EXERCISE DETAILS. Transcribe word for word each line from the one containing "Twisted circular pieces" to the final line of the data, both included. Skip the pictures.

PROVIDED RECORDS.
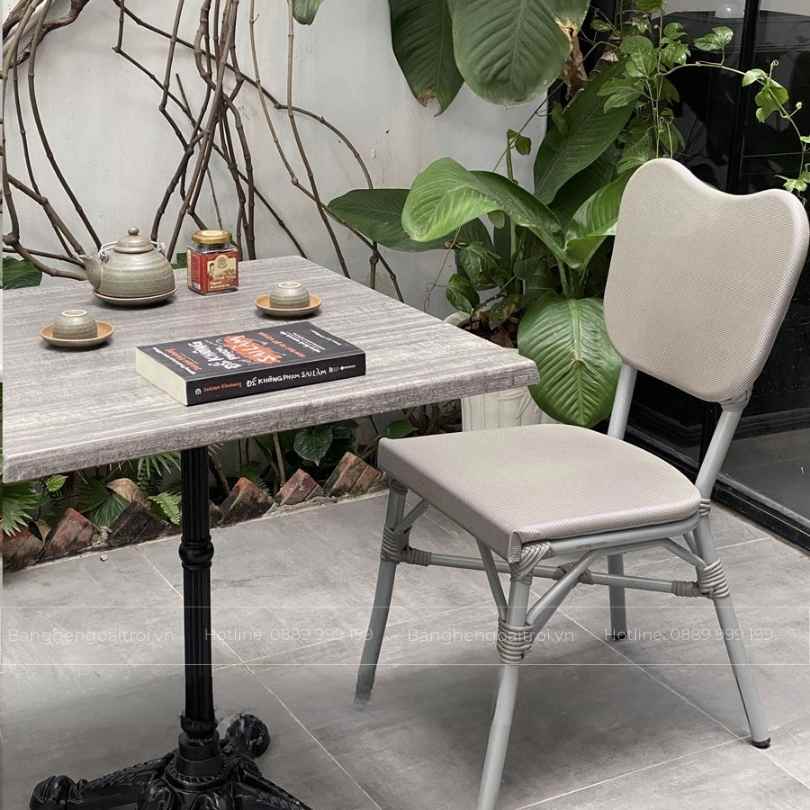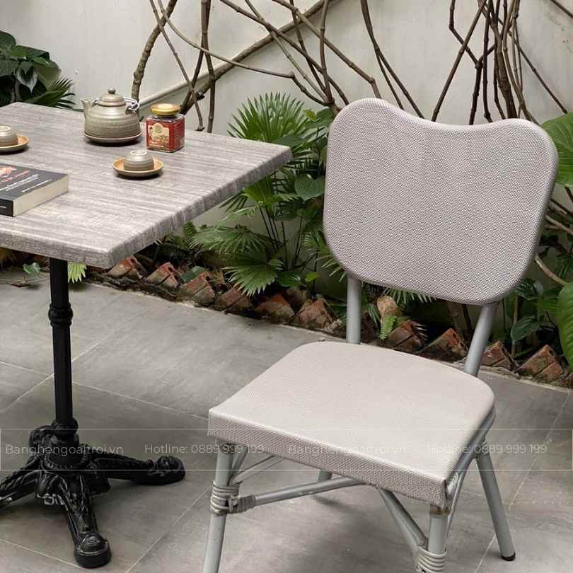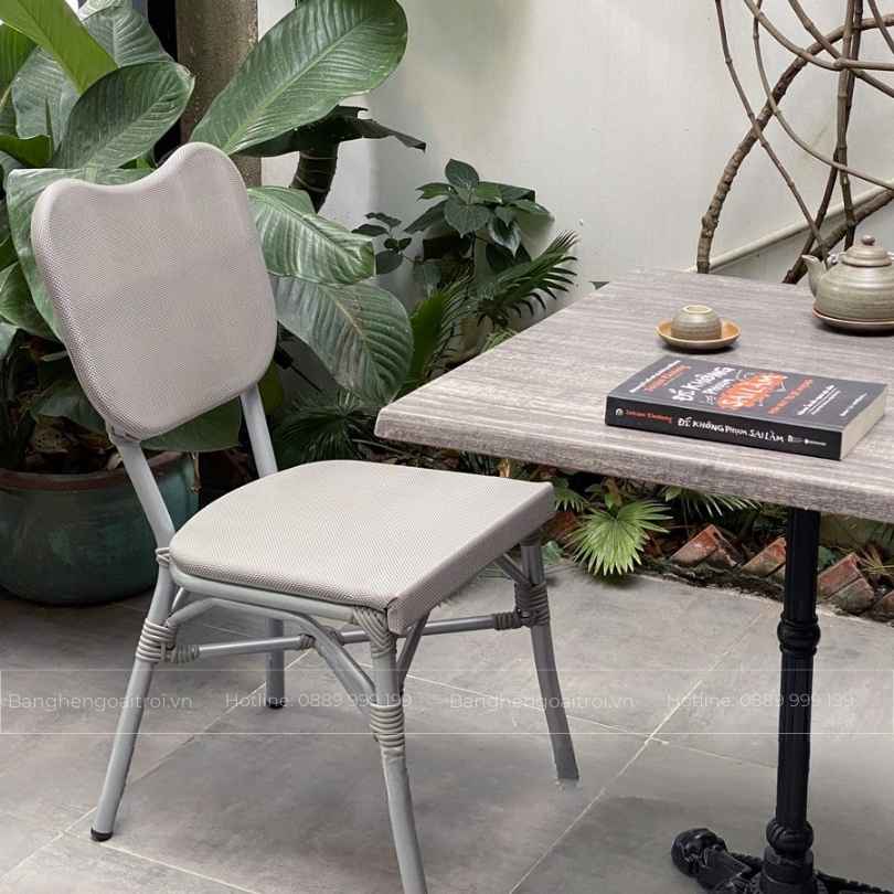 • Chất liệu ghế: Khung nhôm sơn tĩnh điện, mặt ngồi và lưng tựa lưới Textilene kháng nước
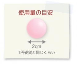 ①適量を指先にとり、ひたい、ほほ、はな、あご、くびなどに配り、らせんを描きながら2~3分ほどマッサージします。
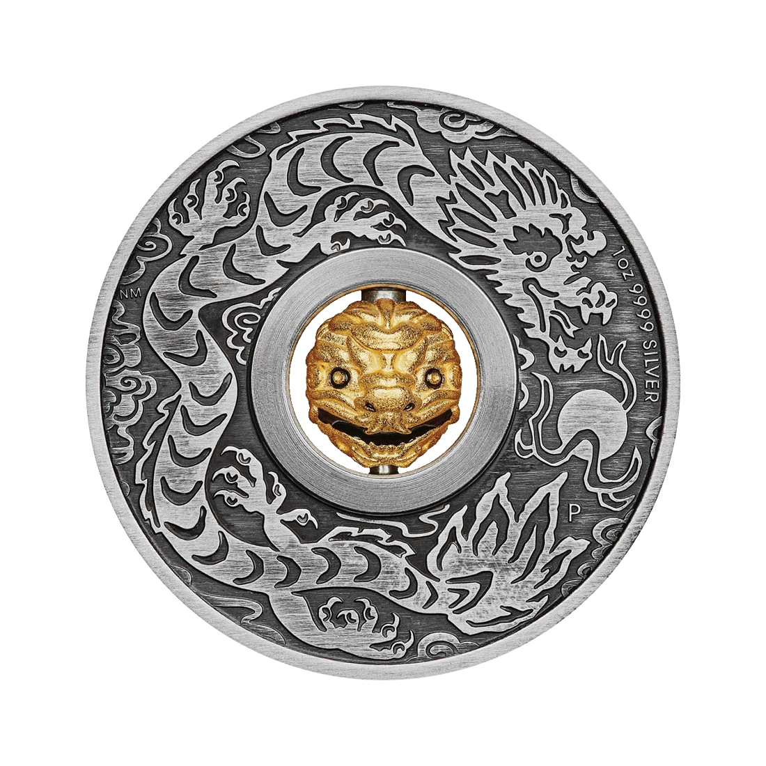 In the center of the coin's reverse is a rotating charm in the form of a dragon's head. It is made of 925 silver covered with 18-carat gold. Around it, the entire figure of the dragon and a symbolic flaming pearl are engraved. The coin is also adorned with the Perth Mint's mark - the letter P, and the whole has been "antiqued" to give it a unique finish reflecting the traces of an ancient artifact.
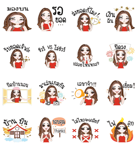 สติ๊กเกอร์ไลน์ชม้อยศรี แม่หญิงยุคใหม่ พูดคำโบราณ |
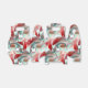 Twisted circular pieces in showy red to coral and salmon with silvery green parts.
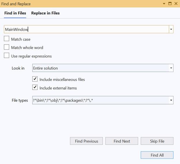 La fenêtre de l'outil 'Rechercher dans les fichiers' a été réécrite pour prendre en compte les suggestions et commentaires. Les performances ont été considérablement améliorées et les problèmes de fiabilité qui entraînaient auparavant des blocages frustrants ont été résolus, assure Microsoft qui a par ailleurs nettoyé l'interface utilisateur et ajouté quelques améliorations, telles que l'ajout d'exclusions à une requête de recherche.

REPLY.
 Twisted circular pieces in showy red to coral and salmon with silvery green parts.
 La fenêtre de l'outil 'Rechercher dans les fichiers' a été réécrite pour prendre en compte les suggestions et commentaires. Les performances ont été considérablement améliorées et les problèmes de fiabilité qui entraînaient auparavant des blocages frustrants ont été résolus, assure Microsoft qui a par ailleurs nettoyé l'interface utilisateur et ajouté quelques améliorations, telles que l'ajout d'exclusions à une requête de recherche.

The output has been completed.